Entries taken from a collection
:::::

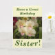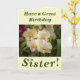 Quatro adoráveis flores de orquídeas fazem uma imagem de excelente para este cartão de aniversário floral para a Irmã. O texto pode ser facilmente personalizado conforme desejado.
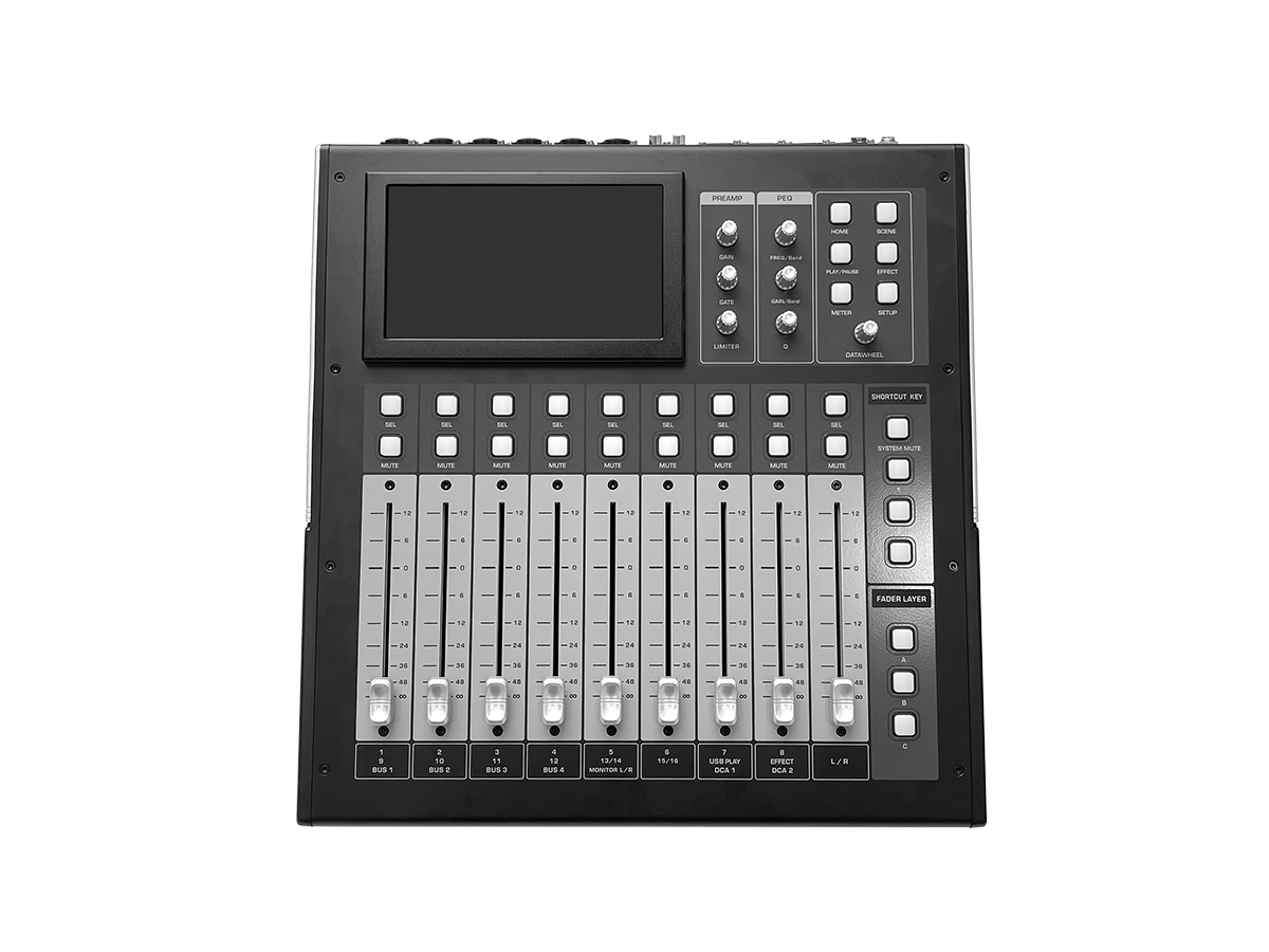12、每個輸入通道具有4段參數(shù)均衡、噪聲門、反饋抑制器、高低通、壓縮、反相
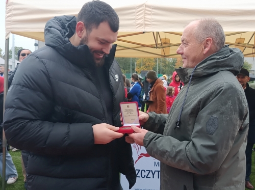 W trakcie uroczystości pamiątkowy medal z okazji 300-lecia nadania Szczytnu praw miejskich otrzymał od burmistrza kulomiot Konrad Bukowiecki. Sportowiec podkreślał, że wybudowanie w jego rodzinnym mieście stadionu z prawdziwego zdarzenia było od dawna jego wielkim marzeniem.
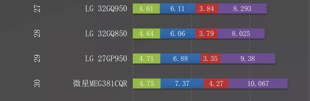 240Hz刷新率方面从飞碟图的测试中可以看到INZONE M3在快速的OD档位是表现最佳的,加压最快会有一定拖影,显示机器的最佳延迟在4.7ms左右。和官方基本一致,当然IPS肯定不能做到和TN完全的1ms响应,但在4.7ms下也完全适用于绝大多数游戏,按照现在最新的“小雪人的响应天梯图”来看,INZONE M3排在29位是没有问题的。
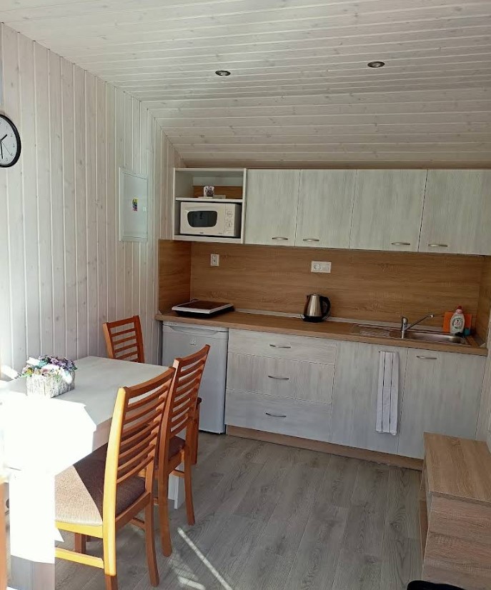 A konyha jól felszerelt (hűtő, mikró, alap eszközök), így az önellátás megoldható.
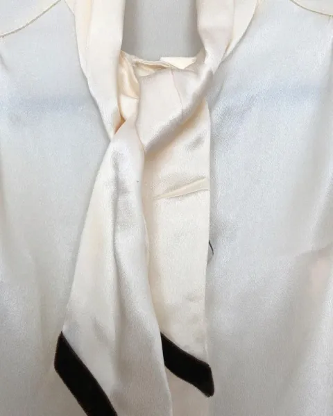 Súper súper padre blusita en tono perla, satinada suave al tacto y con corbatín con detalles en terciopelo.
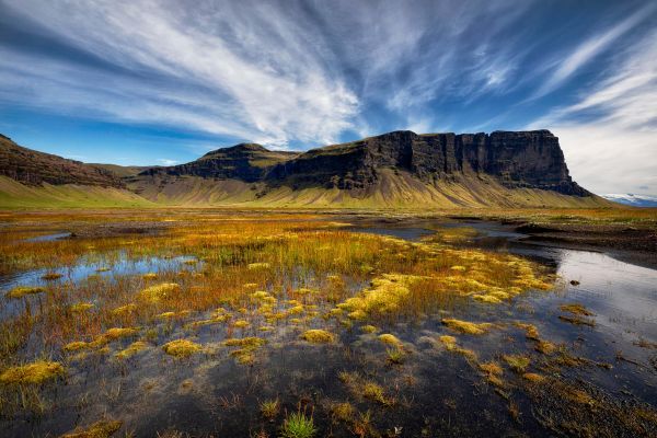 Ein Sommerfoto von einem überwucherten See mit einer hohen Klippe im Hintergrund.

:::::

Taking each record in turn, retype it exactly and drop any picture.

 Quatro adoráveis flores de orquídeas fazem uma imagem de excelente para este cartão de aniversário floral para a Irmã. O texto pode ser facilmente personalizado conforme desejado.
12、每個輸入通道具有4段參數(shù)均衡、噪聲門、反饋抑制器、高低通、壓縮、反相
 W trakcie uroczystości pamiątkowy medal z okazji 300-lecia nadania Szczytnu praw miejskich otrzymał od burmistrza kulomiot Konrad Bukowiecki. Sportowiec podkreślał, że wybudowanie w jego rodzinnym mieście stadionu z prawdziwego zdarzenia było od dawna jego wielkim marzeniem.
 240Hz刷新率方面从飞碟图的测试中可以看到INZONE M3在快速的OD档位是表现最佳的,加压最快会有一定拖影,显示机器的最佳延迟在4.7ms左右。和官方基本一致,当然IPS肯定不能做到和TN完全的1ms响应,但在4.7ms下也完全适用于绝大多数游戏,按照现在最新的“小雪人的响应天梯图”来看,INZONE M3排在29位是没有问题的。
 A konyha jól felszerelt (hűtő, mikró, alap eszközök), így az önellátás megoldható.
 Súper súper padre blusita en tono perla, satinada suave al tacto y con corbatín con detalles en terciopelo.
 Ein Sommerfoto von einem überwucherten See mit einer hohen Klippe im Hintergrund.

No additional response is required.